## RECORDS TO PROCESS

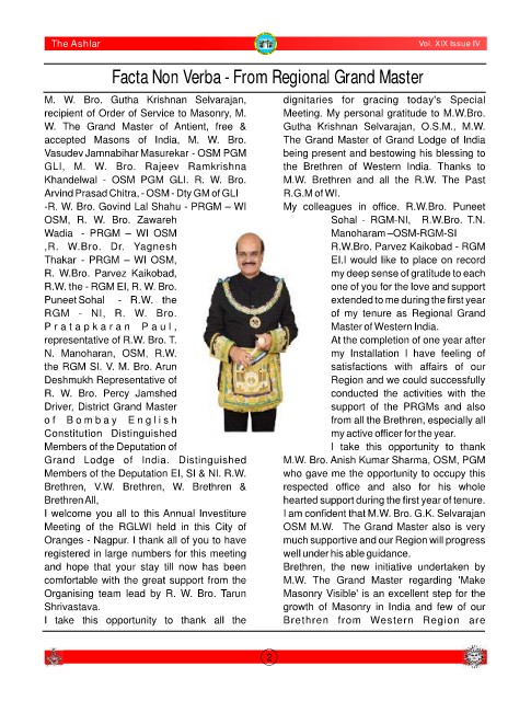 GLI, M. W. Bro. Rajeev Ramkrishna the Brethren of Western India. Thanks to
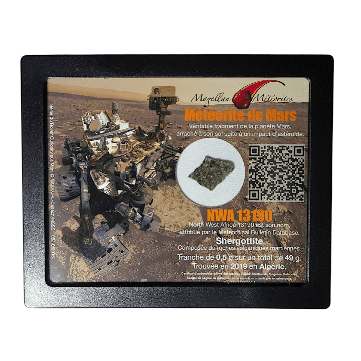 « Cette météorite sous forme de tranche est rare dans une collection et offre une vue unique sur les roches volcaniques vertes de la planète rouge. »
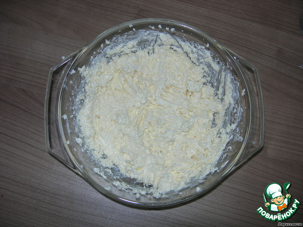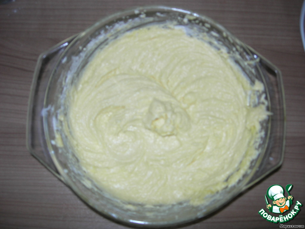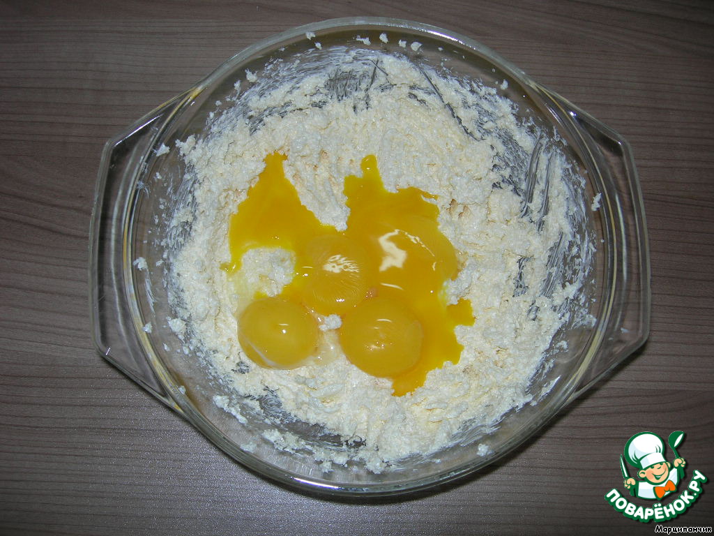 Отделить белки от желтков. Желтки добавить к маслу с сахаром и перемешать.
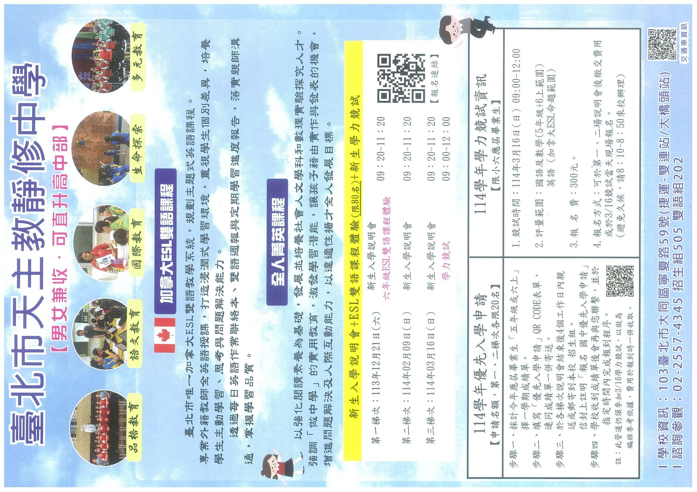 (一) 第一場說明會與六年級ESL雙語課程體驗:113年12月21 日(六)上午09:20-11:20。
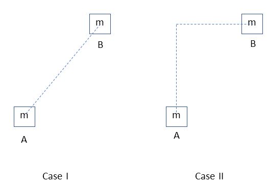 2. The diagram below shows a top-down view of a block of mass m that is pulled by a rope from position A to position B by two different paths. Assume there is friction between the block and the floor. Compare work done on the block by the rope against friction in the two cases.
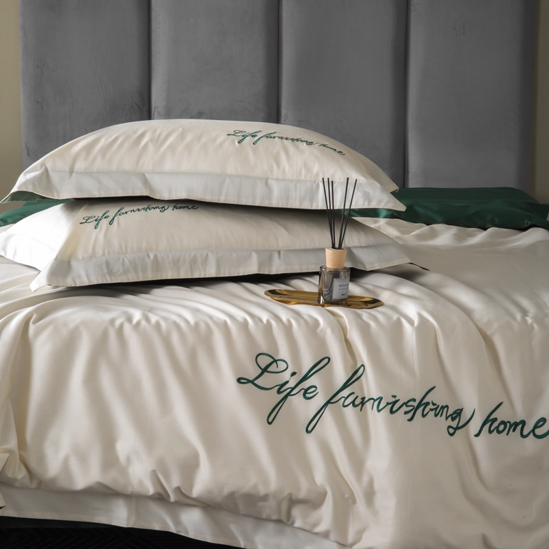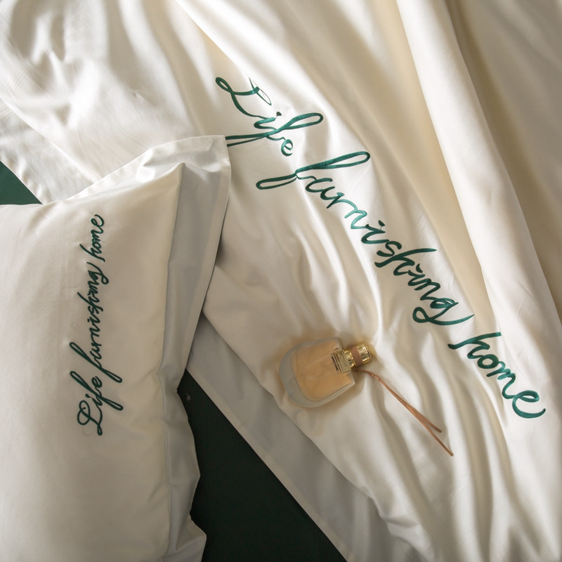太古汇 2020新款纯色双拼绣花四件套 贵族白
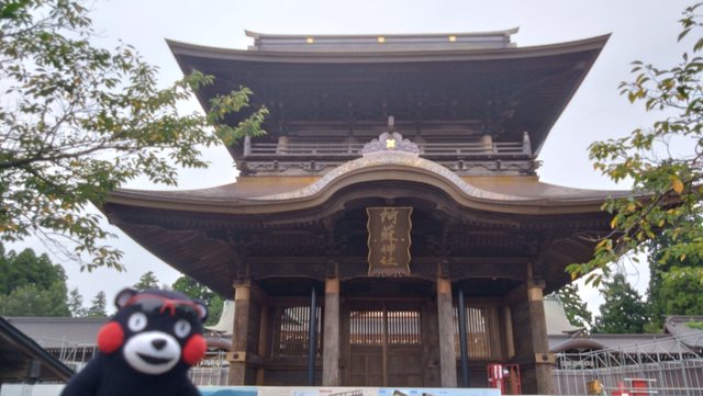 有2500年歷史的阿蘇神社樓門在2016年震垮,拜殿已經修復了,這個樓門即將在12月整修
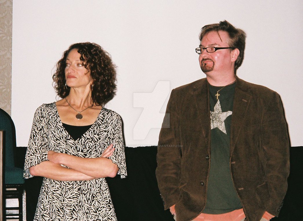 Description: A man and a woman standing next to each other in front of a screen with a star on it.
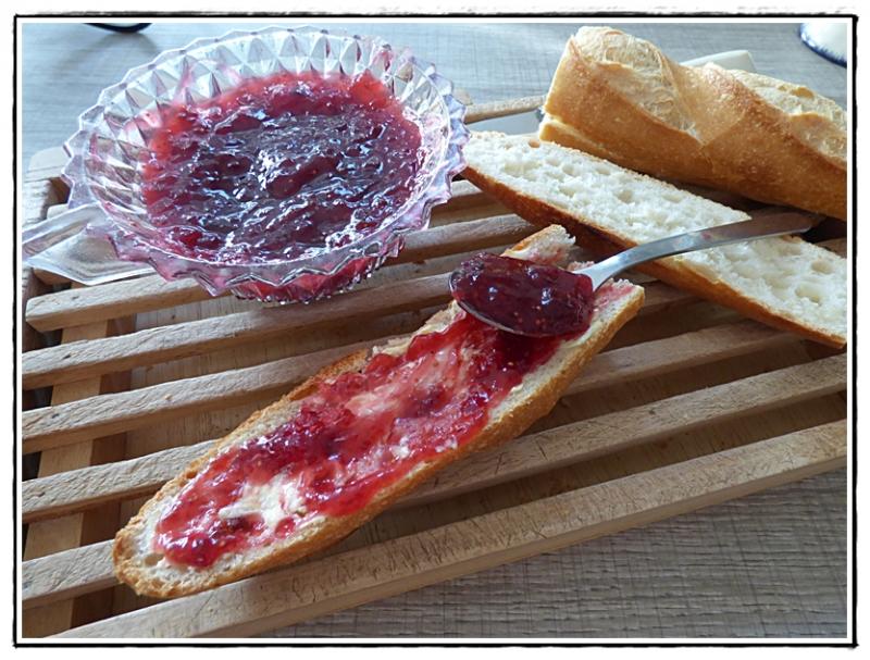 J'ai suivi cette recette réalisée au Thermomix que j'avais déjà partagée avec vous. J'ai fait 6 pots et... .... le restant a été tout de suite goûté le lendemain matin au petit-déjeuner. Un délice! une belle consistance et la confiture n'est pas trop sucrée.
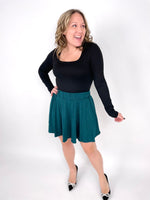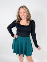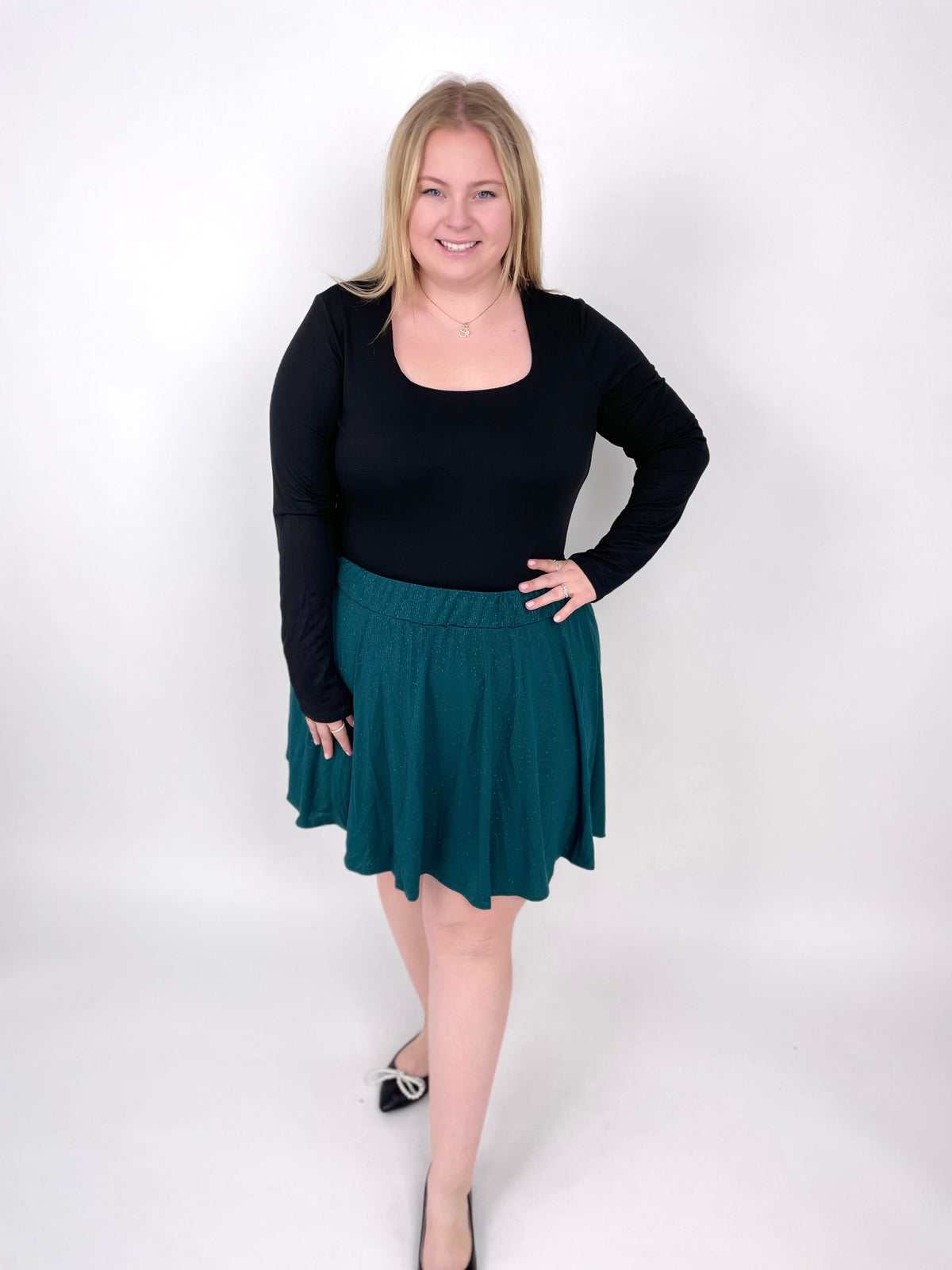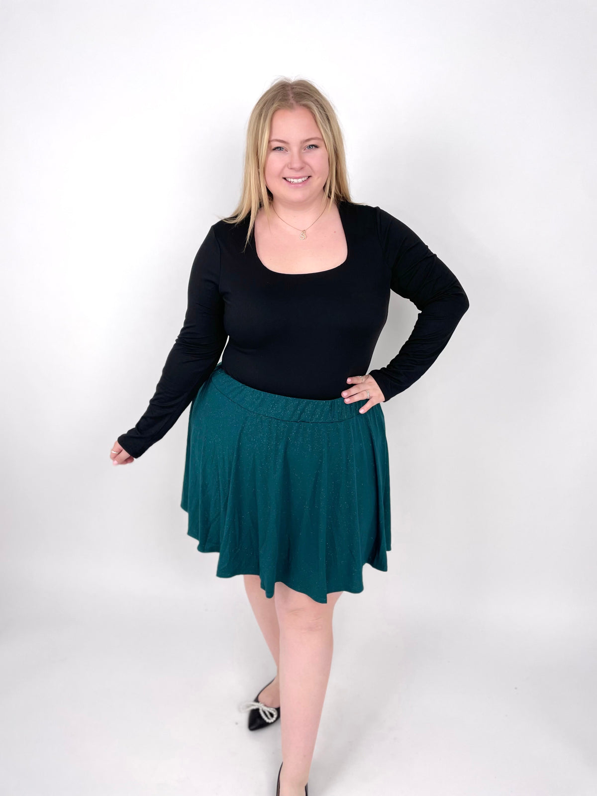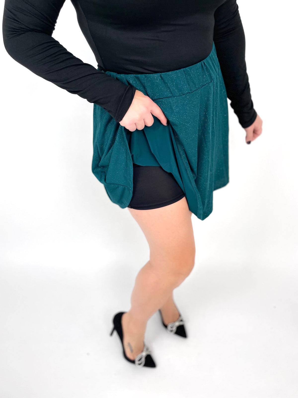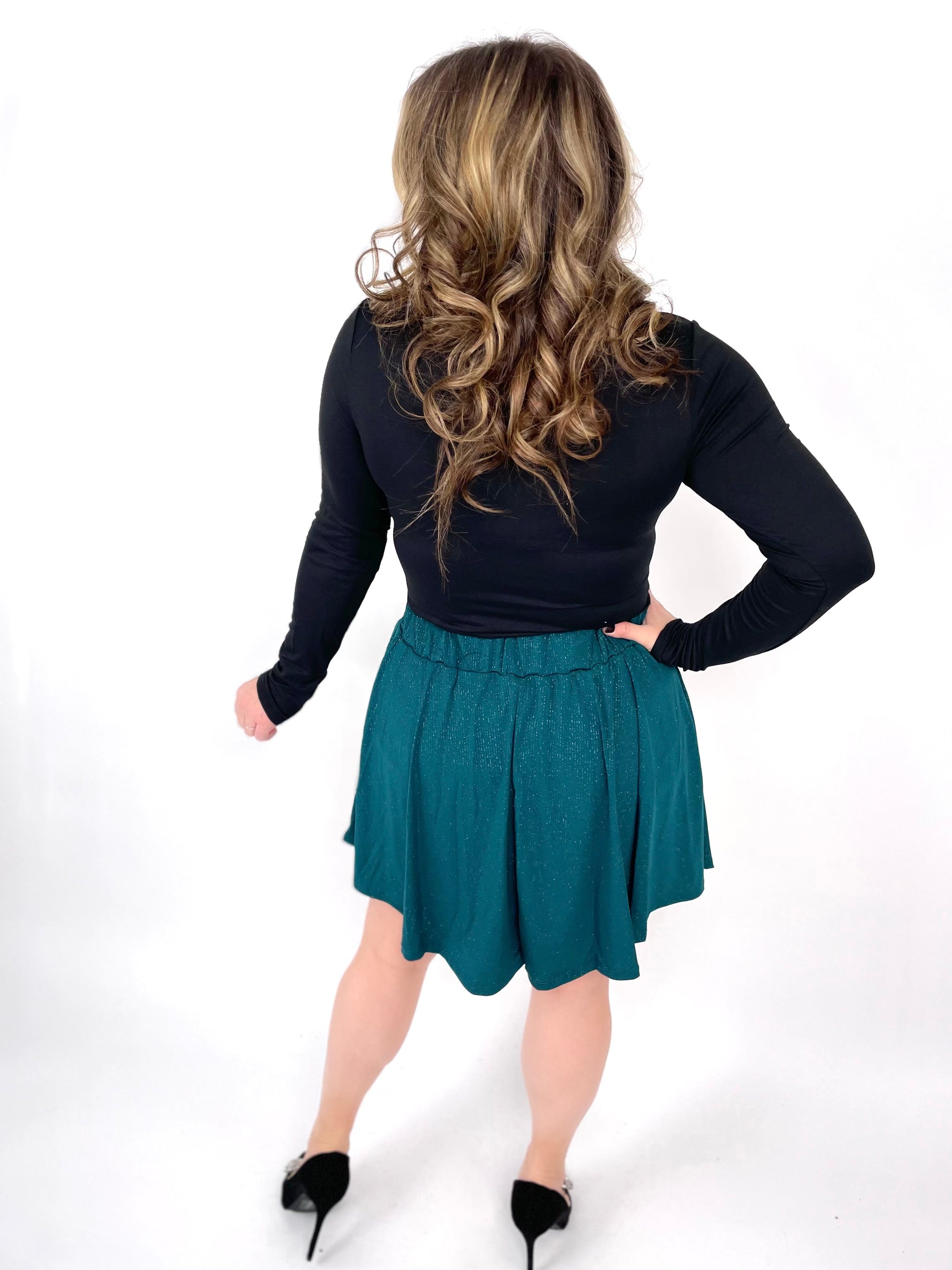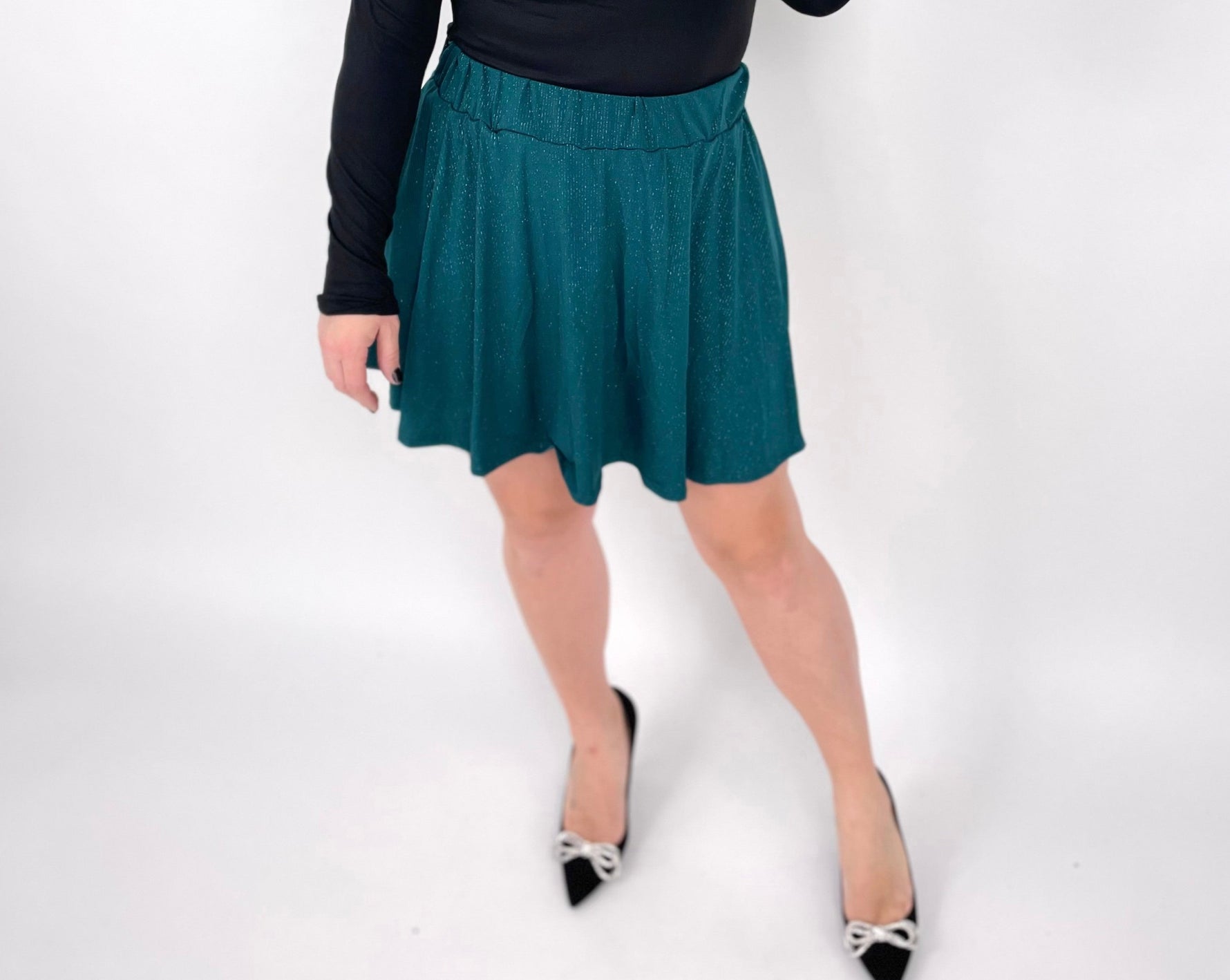 This high-waisted metallic skirt with built-in shorts is so much fun! Complete the look with a cute top and sandals, and you're ready for a fun-filled day out with friends!

## WHAT YOU WILL DO
Without including any picture, copy the listing above exactly and in full.

## PROBLEM SOLUTION
 GLI, M. W. Bro. Rajeev Ramkrishna the Brethren of Western India. Thanks to
 « Cette météorite sous forme de tranche est rare dans une collection et offre une vue unique sur les roches volcaniques vertes de la planète rouge. »
 Отделить белки от желтков. Желтки добавить к маслу с сахаром и перемешать.
 (一) 第一場說明會與六年級ESL雙語課程體驗:113年12月21 日(六)上午09:20-11:20。
 2. The diagram below shows a top-down view of a block of mass m that is pulled by a rope from position A to position B by two different paths. Assume there is friction between the block and the floor. Compare work done on the block by the rope against friction in the two cases.
太古汇 2020新款纯色双拼绣花四件套 贵族白
 有2500年歷史的阿蘇神社樓門在2016年震垮,拜殿已經修復了,這個樓門即將在12月整修
 Description: A man and a woman standing next to each other in front of a screen with a star on it.
 J'ai suivi cette recette réalisée au Thermomix que j'avais déjà partagée avec vous. J'ai fait 6 pots et... .... le restant a été tout de suite goûté le lendemain matin au petit-déjeuner. Un délice! une belle consistance et la confiture n'est pas trop sucrée.
 This high-waisted metallic skirt with built-in shorts is so much fun! Complete the look with a cute top and sandals, and you're ready for a fun-filled day out with friends!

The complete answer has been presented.